[Entries taken from a collection]

-- Opening Marker --

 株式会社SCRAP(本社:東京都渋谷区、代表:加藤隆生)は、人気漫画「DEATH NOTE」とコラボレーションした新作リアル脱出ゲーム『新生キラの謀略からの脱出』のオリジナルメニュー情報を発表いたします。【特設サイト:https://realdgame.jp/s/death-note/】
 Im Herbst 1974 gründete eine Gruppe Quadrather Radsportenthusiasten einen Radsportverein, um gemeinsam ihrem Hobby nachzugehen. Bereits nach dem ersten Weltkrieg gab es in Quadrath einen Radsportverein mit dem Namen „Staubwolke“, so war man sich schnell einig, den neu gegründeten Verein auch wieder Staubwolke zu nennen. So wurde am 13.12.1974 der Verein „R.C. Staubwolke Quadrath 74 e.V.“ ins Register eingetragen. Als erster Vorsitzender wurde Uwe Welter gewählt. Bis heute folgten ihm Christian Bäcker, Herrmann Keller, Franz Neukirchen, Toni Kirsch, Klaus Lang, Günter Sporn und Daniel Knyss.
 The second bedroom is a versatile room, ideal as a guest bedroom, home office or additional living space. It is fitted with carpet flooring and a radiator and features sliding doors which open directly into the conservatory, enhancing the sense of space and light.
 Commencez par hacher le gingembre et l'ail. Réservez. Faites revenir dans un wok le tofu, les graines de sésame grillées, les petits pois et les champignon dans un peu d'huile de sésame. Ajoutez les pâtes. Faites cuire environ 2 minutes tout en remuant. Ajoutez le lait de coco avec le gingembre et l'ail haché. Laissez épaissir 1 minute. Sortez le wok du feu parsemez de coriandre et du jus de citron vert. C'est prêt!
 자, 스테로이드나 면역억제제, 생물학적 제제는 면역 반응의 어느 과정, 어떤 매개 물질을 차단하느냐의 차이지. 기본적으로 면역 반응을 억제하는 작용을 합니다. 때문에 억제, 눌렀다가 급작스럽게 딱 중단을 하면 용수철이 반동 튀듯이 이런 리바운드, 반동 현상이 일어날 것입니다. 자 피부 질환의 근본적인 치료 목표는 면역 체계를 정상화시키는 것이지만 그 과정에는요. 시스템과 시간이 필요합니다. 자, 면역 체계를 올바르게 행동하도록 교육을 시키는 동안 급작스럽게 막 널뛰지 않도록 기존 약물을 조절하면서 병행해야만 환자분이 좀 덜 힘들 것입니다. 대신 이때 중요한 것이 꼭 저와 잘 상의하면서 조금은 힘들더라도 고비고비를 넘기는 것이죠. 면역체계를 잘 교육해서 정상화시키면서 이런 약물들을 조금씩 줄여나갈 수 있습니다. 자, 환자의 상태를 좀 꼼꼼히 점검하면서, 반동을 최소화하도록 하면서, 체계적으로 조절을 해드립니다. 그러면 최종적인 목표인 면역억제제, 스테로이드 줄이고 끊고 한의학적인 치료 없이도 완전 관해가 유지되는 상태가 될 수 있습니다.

-- Closing Marker --

Exact repetition of every entry in the data is required.

Exercise output:
 株式会社SCRAP(本社:東京都渋谷区、代表:加藤隆生)は、人気漫画「DEATH NOTE」とコラボレーションした新作リアル脱出ゲーム『新生キラの謀略からの脱出』のオリジナルメニュー情報を発表いたします。【特設サイト:https://realdgame.jp/s/death-note/】
 Im Herbst 1974 gründete eine Gruppe Quadrather Radsportenthusiasten einen Radsportverein, um gemeinsam ihrem Hobby nachzugehen. Bereits nach dem ersten Weltkrieg gab es in Quadrath einen Radsportverein mit dem Namen „Staubwolke“, so war man sich schnell einig, den neu gegründeten Verein auch wieder Staubwolke zu nennen. So wurde am 13.12.1974 der Verein „R.C. Staubwolke Quadrath 74 e.V.“ ins Register eingetragen. Als erster Vorsitzender wurde Uwe Welter gewählt. Bis heute folgten ihm Christian Bäcker, Herrmann Keller, Franz Neukirchen, Toni Kirsch, Klaus Lang, Günter Sporn und Daniel Knyss.
 The second bedroom is a versatile room, ideal as a guest bedroom, home office or additional living space. It is fitted with carpet flooring and a radiator and features sliding doors which open directly into the conservatory, enhancing the sense of space and light.
 Commencez par hacher le gingembre et l'ail. Réservez. Faites revenir dans un wok le tofu, les graines de sésame grillées, les petits pois et les champignon dans un peu d'huile de sésame. Ajoutez les pâtes. Faites cuire environ 2 minutes tout en remuant. Ajoutez le lait de coco avec le gingembre et l'ail haché. Laissez épaissir 1 minute. Sortez le wok du feu parsemez de coriandre et du jus de citron vert. C'est prêt!
 자, 스테로이드나 면역억제제, 생물학적 제제는 면역 반응의 어느 과정, 어떤 매개 물질을 차단하느냐의 차이지. 기본적으로 면역 반응을 억제하는 작용을 합니다. 때문에 억제, 눌렀다가 급작스럽게 딱 중단을 하면 용수철이 반동 튀듯이 이런 리바운드, 반동 현상이 일어날 것입니다. 자 피부 질환의 근본적인 치료 목표는 면역 체계를 정상화시키는 것이지만 그 과정에는요. 시스템과 시간이 필요합니다. 자, 면역 체계를 올바르게 행동하도록 교육을 시키는 동안 급작스럽게 막 널뛰지 않도록 기존 약물을 조절하면서 병행해야만 환자분이 좀 덜 힘들 것입니다. 대신 이때 중요한 것이 꼭 저와 잘 상의하면서 조금은 힘들더라도 고비고비를 넘기는 것이죠. 면역체계를 잘 교육해서 정상화시키면서 이런 약물들을 조금씩 줄여나갈 수 있습니다. 자, 환자의 상태를 좀 꼼꼼히 점검하면서, 반동을 최소화하도록 하면서, 체계적으로 조절을 해드립니다. 그러면 최종적인 목표인 면역억제제, 스테로이드 줄이고 끊고 한의학적인 치료 없이도 완전 관해가 유지되는 상태가 될 수 있습니다.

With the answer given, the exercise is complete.